Darwin had by then finished reading the next volume of
Principles of Geology
, which Henslow had sent to him in Uruguay. Lyell was a lawyer by trade, and in his second volume he turned his formidable skills at argument and logic to tearing down the transmutational assertions of Jean-Baptiste Lamarck. Lyell saw in the geology of the Earth a great transformational force, yet he saw no such force when it came to the plants and animals that inhabited it. Lamarck looked at the fossil record as proof that species had changed over time. Lyell contended that what Lamarck was really seeing was evidence of extinctions, followed by acts of creation, where God brought new, more able species into being. These new creations explained what seemed to be rather abrupt changes in the fossil record. There were no natural links between species dying out and new species appearing. The appearance of each new species was a miracle.

In the Galápagos, Darwin began to part ways, ever so cautiously, with Lyell's opinions about transmutation. In the mockingbirds of the islands, he began to see evidence of a gradual transformation of species, shaped by the demands of the changing environment that Lyell assumed. But he wasn't yet quite sure. The birds had differences, but in Darwin's view they were still merely variants of the same species. He noted his confusion in his ornithological journal. If these birds indeed turned out to be not simply variants, but distinct species, “such facts would undermine the stability of Species.” Their close proximity on each of the islands and their apparent strong similarity could not be mere chance, but evidence that the birds shared a common ancestor, from which they had evolved. Darwin was beginning to see Lyell's processes of change at work on not just Earth's geology, but life itself. In
the Galápagos, he would write, “We seem to be brought somewhat near to that great fact—that mystery of mysteries—the first appearance of new beings on earth.” Nineteen years would pass before he explained what he meant by that sentence.

F
ROM THE GALÁPAGOS
, the
Beagle
spent the final year of its journey sailing across the Pacific and around the horn of Africa, arriving in England in October of 1836, at the port of Falmouth. A steady stream of accounts of the expedition appeared in newspapers, and Darwin returned to find that his reputation had bloomed while he was away. For five years, he had maintained a correspondence with Henslow, and his geological observations so impressed his former professor that Henslow had gathered them into a pamphlet that he shared with other naturalists. Lyell was one of those who received a copy. He couldn't wait to meet the young man who described himself as Lyell's “disciple.”

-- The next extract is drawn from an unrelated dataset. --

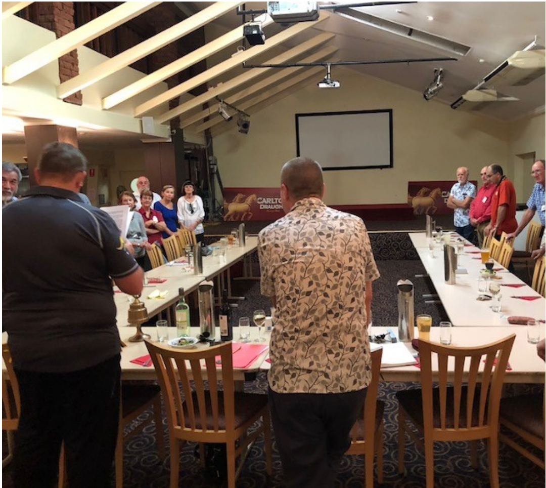
And the meeting has started

Within a month of Darwin's return, the two dined at Lyell's London home. They got on famously from the very beginning, forming a friendship that would last their lifetimes. Lyell listened in rapt fascination as Darwin regaled him with stories of earthquakes in foreign lands. Lyell offered to shepherd the young man in his new career. He also advised Darwin to stay in London, where Darwin would be close to the array of specialists whose help he would need in deciphering all that he had seen and learned. Lyell invited one of the specialists he had in mind to dinner that evening, a young anatomist named Richard Owen, who would four years later coin the term “Dinosauria,” or “terrible reptiles.” Before Darwin left that night, Lyell, the head of the Geological Society of England, offered him one last piece of advice that seemed premature: waste no time heading a scientific organization. He was already certain that Darwin would go far.

Lyell and Darwin became nearly inseparable. For a spell, it seemed as if they met every day. Lyell helped guide his new protégé as best he could. Memberships in the most esteemed scientific organizations started piling up, including the Royal Society, the Royal Geographical Society, and, of
course, Lyell's Geological Society. Darwin also received a royal grant to help him write an account of his adventure and his observations that would be published as part of a multivolume memoir that FitzRoy had planned.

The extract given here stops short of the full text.